Let's take a quick look at the closing of#USstocks in the early morning. The S&P and Nasdaq fell, the Russell 2000 led the gains, and the Dow Jones followed closely behind.
A friend asked me about this today, so I'll explain it here.
The Russell 2000 is part of the Russell 3000 Index, but unlike the Russell 3000, the Russell 2000 records companies with smaller market capitalization in the U.S. stock market and can be regarded as the small-cap stock market.
The Dow Jones Index is the oldest U.S. stock index with the widest coverage, and also represents the rise and fall of the real economy.
Why should we pay attention to US stocks? Why should we pay attention to Russell and Dow Jones?
1. After the AI technology stocks fell last week, although the crypto market did not follow the U.S. stock market, the U.S. stock market can still reflect the investor sentiment during U.S. trading hours. For example, the initial decline on Wednesday and Thursday this week showed that U.S. investors were pessimistic, especially on Wednesday. The sentiment during U.S. trading hours was weak, and the U.S. stock and crypto market fell at the same time. It was not a follow-up decline, but the investment sentiment was really not high.
2. The reason why we pay attention to Russell and Dow Jones is that they are used as a basis for judging the market risk sentiment in the current stage of the correction of technology stocks. If the market falls generally, and the S&P and Nasdaq lead the decline, it proves that the overall risk investment sentiment is relatively poor. On the contrary, if the S&P and Nasdaq fall, while the small-cap Russell 2000 and the real sector Dow Jones rise, it means that the investment sentiment is active, and funds flow out of large-cap technology stocks and flow into small-cap stocks and the real industry.
Because the bull market in the U.S. stock market since last year was driven by the technology sector, and it was under high interest rates and high inflation. Recently, the probability of Trump's victory has increased. Many people believe that the U.S. economy will be better in the future. With interest rate cuts and lower inflation, more people may withdraw funds from technology stocks and invest in small-cap stocks or real enterprises because they are still at a relative bottom. After the interest rate cuts, the economy will rebound quickly and profits will be better.
Therefore, once the Russell is formed, the Dow Jones Industrial Average rises and other stock indexes fall, it proves that risk sentiment is good and risk markets in other areas will usher in capital flows out of technology stocks.
At present, the overall flow order of funds in the United States is:
Technology stocks → Small-cap stocks/real stocks → ETF (stock type) → ETF (crypto type) → crypto market,
The core of this flow process is that the market lacks liquidity under high interest rates, or a lot of silent capital is inactive. Similar to the trend of cryptocurrencies from last year to this year, it is often only after#BTCrises sharply that high-level turnover occurs, and the extra profitable funds will go to the copycat market, the first-level local dog market, or the MEME market.

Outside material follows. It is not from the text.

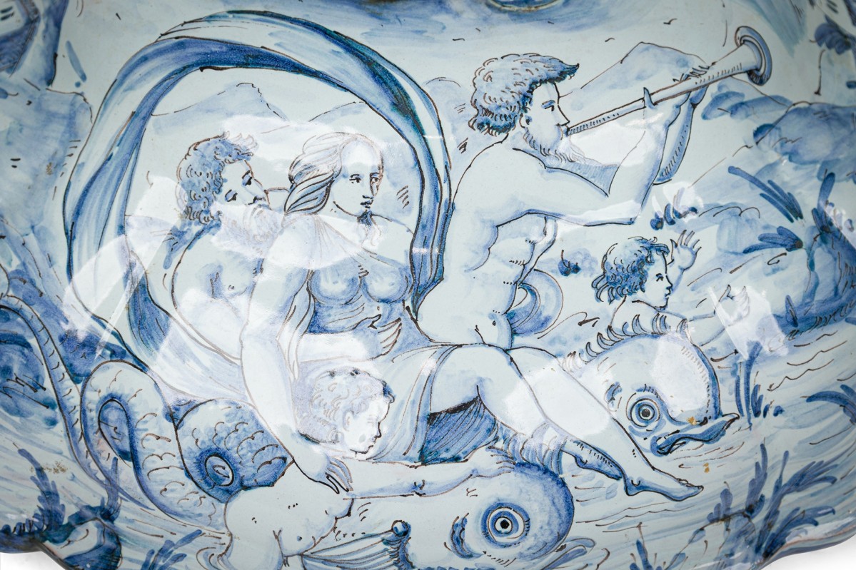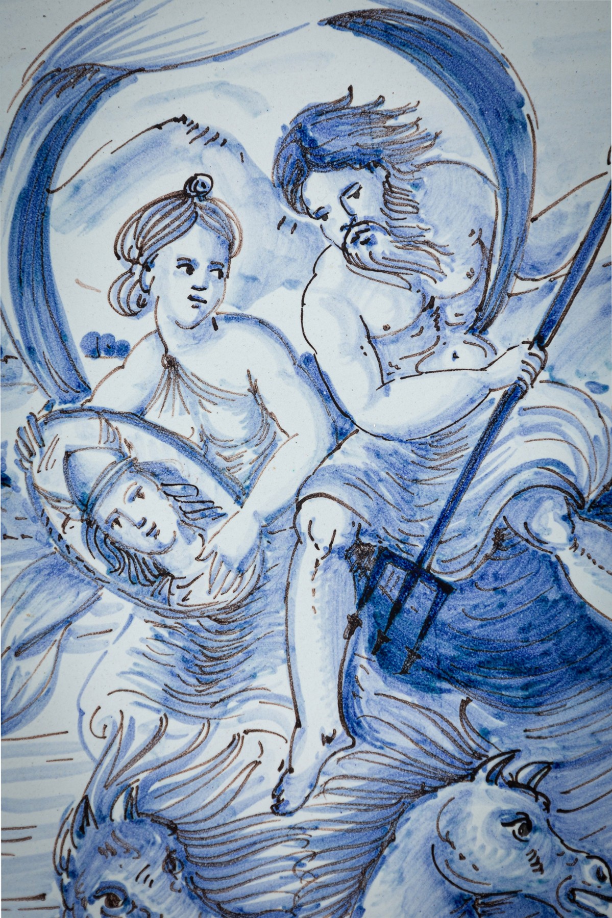 Italian (early 20th Century) Neo-Classical Style Hand Painted Venus and Neptune Albisola Majolica Lidded Serving Tray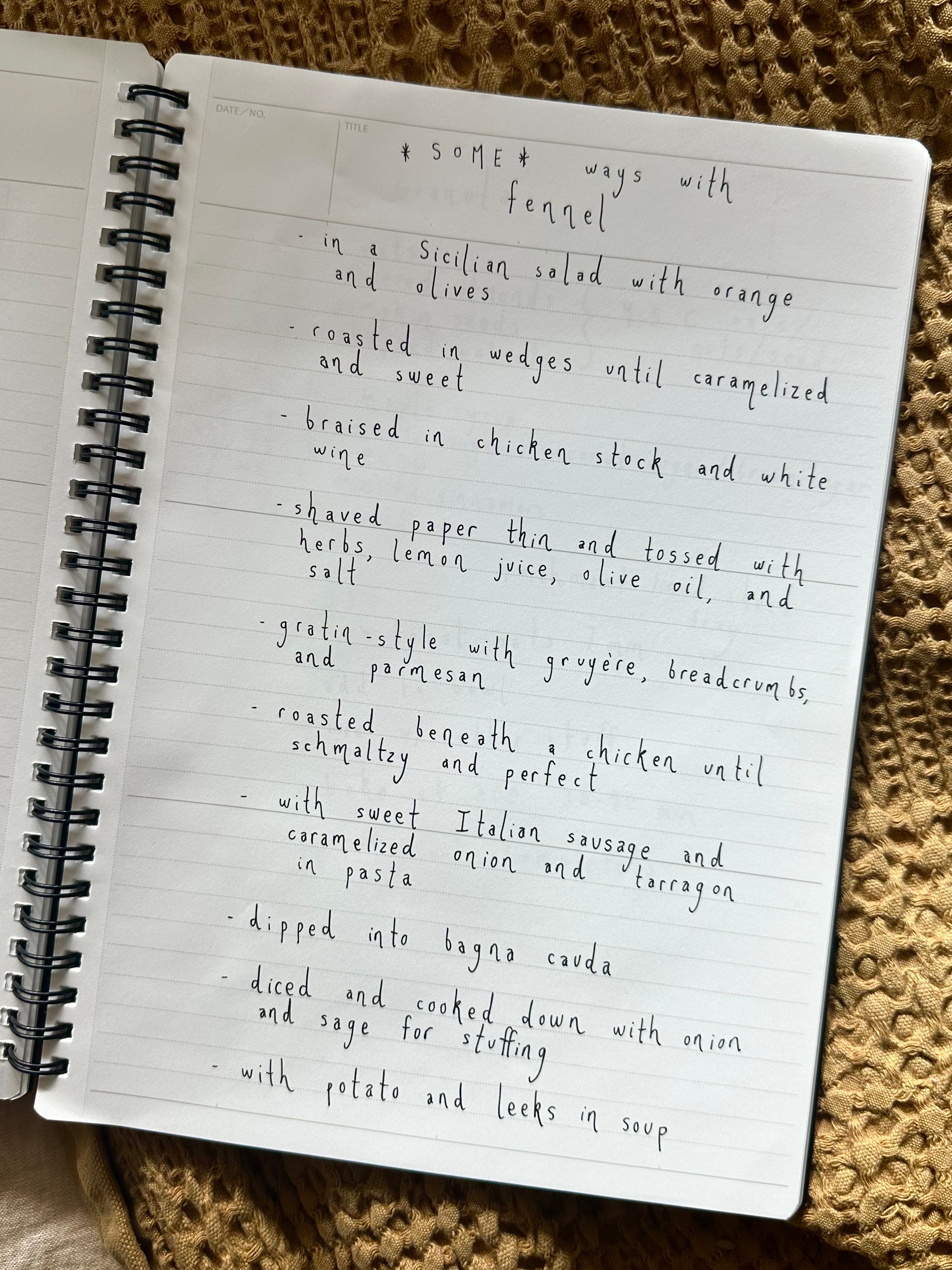 You see, fennel is many vegetables in one (dare I compare it to the many faces of an actress?). Really, I could write an essay about each of its forms. Instead, I’ll share a list of ideas for cooking with fennel, along with another for fennel seeds.

However, the above judgment of the US stock market is only temporary, not a fixed thinking logic, and is only suitable for the current stage. After the second quarter earnings season of the US stock market, technology stocks will inevitably rise again. After all, the previous wealth creation effect was too good. At that time, this thinking will change, and then I will interpret it according to the situation.